The intelligent solution that turns to be unadequate
Recenlty I asked for advice on StackOverflow with a question related to sorting information on a Django application.
I copy the question here:
I’m trying to do something similar to this, in Django. This is part of the page of Anna:
Pos NickName Points --- --------- ------ 1 The best 1000 ... 35 Roger 550 36 Anna 545 37 Paul 540
It’s a chart showing the scoring system, and it intends to show the first position, as well as the relative position of the presented player.
Showing the first one it’s easy, as it’s only making a query to the database and extracting the first one:
best = Score.objects.all().order_by('-points')[0]

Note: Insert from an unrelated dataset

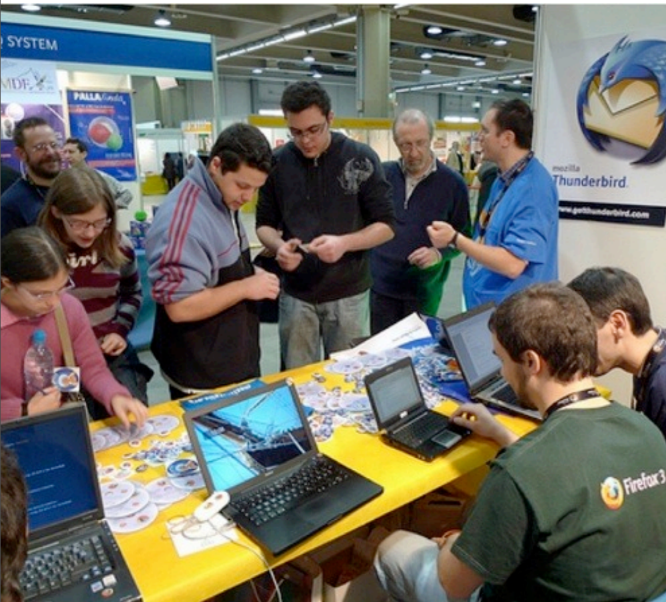
Fa la Cosa Giusta, Italia 2009

But I’m having problems getting the ones close to the presented player (Anna, in this case). I don’t want to go searching through the complete list, as the complete list of players can be quite long.
Maybe there’s a way to know the position a register occupies in an ordered list…

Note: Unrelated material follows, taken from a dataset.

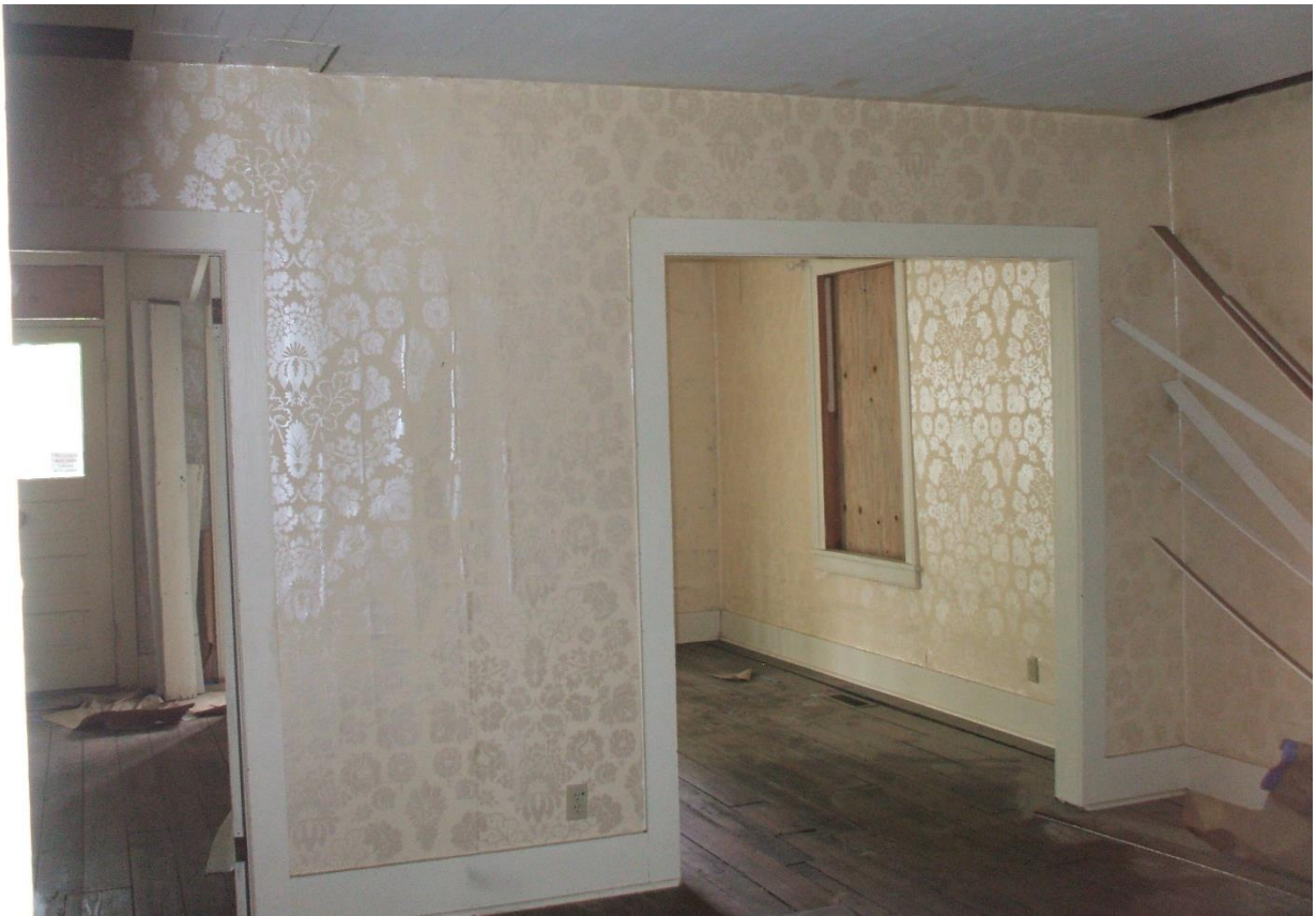
Figure 12. Wallpaper walls on first floor

Any ideas on how to achieve it?
Well, I get with a clever solution that was, well, count the number of players with higher number of points than the actual player, so you’ll get the position. It’s definitively more elegant than rendering the complete list and then searching for the position of a particular player.

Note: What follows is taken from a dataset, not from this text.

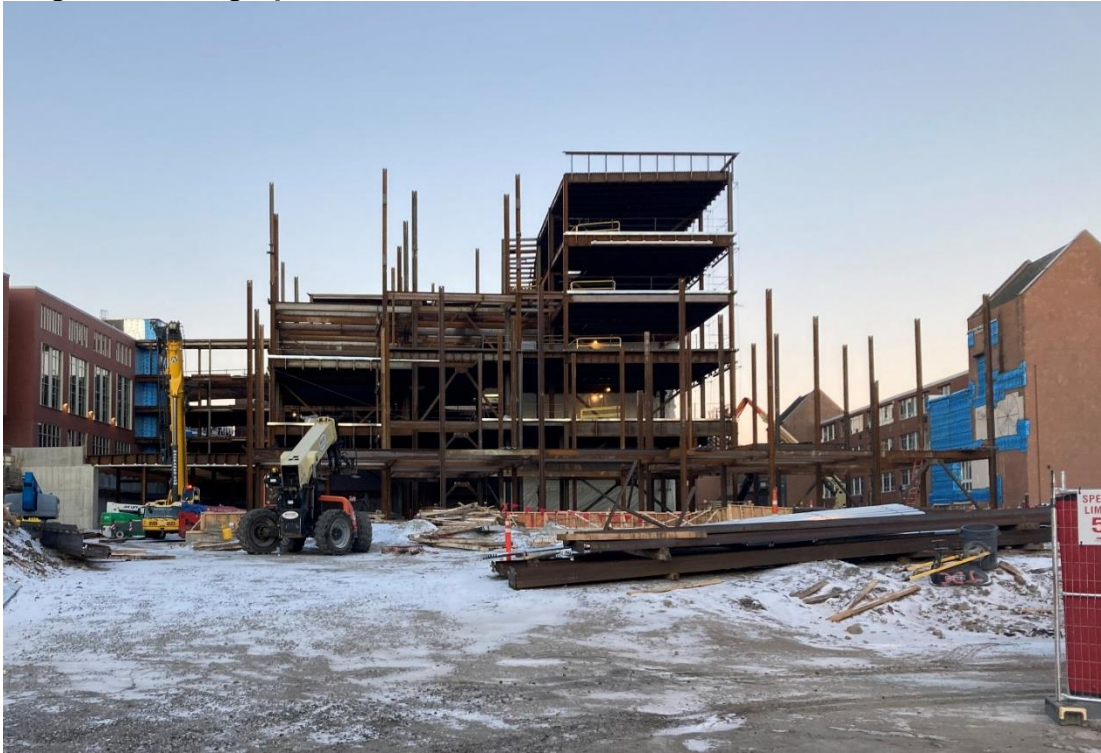
Photograph 1: Phase 2 East Elevation (View from Mill Brook Drive) Taken Week of 12/14/2022

The problem is that it won’t work when you have several players with exactly the same number of points. In that case, you’ll end getting the position of the first one with the same number of points, but not necessarily the one you’re looking, so you end with this kinds of tables:
Pos NickName Points
--- --------- ------
1 The best 1000
...
35 Roger 545
36 Paul 550
37 Anna 550
Not showing the actual player on the correct place, or even worse…
Pos NickName Points
--- --------- ------
1 The best 1000
...
35 Roger 545
36 Paul 550
37 Lucy 550
Not showing the player at all!
To make things worse the order is not always the same, as you have some players with the same number of points and the DB just seems to not return always the same order, so you need to introduce another element for sorting (the name, for example) to ensure that the ranking is not dancing just because the players have the exact number of points.
So.. at the end I needed to make a sort using two parameters (points, then name), get the complete list, get the index of the player and do the things the boring way.. Actually it’s working fine and nice, but I wonder if anyone knows a way of getting that avoiding the need of getting the complete list…
Perhaps you could add some extra data to handle out the sorting issue? Let the one who gains specific score to be the first within that score by default. It would take an extra field and logic to handle this, though.
You can use this information to tweak your “players before Anna” calculation.
Yes, that is actually what is happening. I have simplified the problem on the post, there are more fields, so you can sort by the number of points and other fields…
In Django you’ve just to sort this way (very related to how you do it on SQL). First by points (higher the better), then by “points date” (lower the better)
sorted_list = Score.objects.all().order_by(‘-points’, ‘points_date’)
But you’re still have to get all the sorted list and get the position of a particular player searching through all the list…
Okay. I think I understand the problem a bit better now. I think it boils down to the fact that there needs to be some neat way to store the adjacency data using a doubly linked list.
Some pseudocode to illustrate the idea (imaginary API):
person = Score.find(‘Anna’)
previous_person = person.prev
next_person = person.next
You should be able to access the score and name via attributes. There are some special cases (ie. first/last) where prev/next may be None.
I’m not sure how this would work out in Django. At least the API would be simple and you could hide the ugly details there. 😛
Maybe I’m missing something, but it seems to me if you pre-compute the ‘Pos’ field (or something like it) on insert, update, or delete, then your problem becomes trivial. On the other hand, you could end up updating the entire table on a single-row insert…depends on how often you insert into the table vs. read from it, and how big the data is.
Wouldn’t something like Score.objects.filter(Q(points__lt=points) | (Q(points=points) & Q(name__lt=name))).count() work?
I don’t know if you can do it with the django ORM, but with raw SQL you can use the count method with someting like
select count(*) from score where (points,name) < (545
,'Anna')
This works in Postgresql.
It's just using in the where clause the fields you are using for sorting all combined.
In some other databases where I cannot use this kind of grouping (like a tuple) I use the || (concatenation) operand.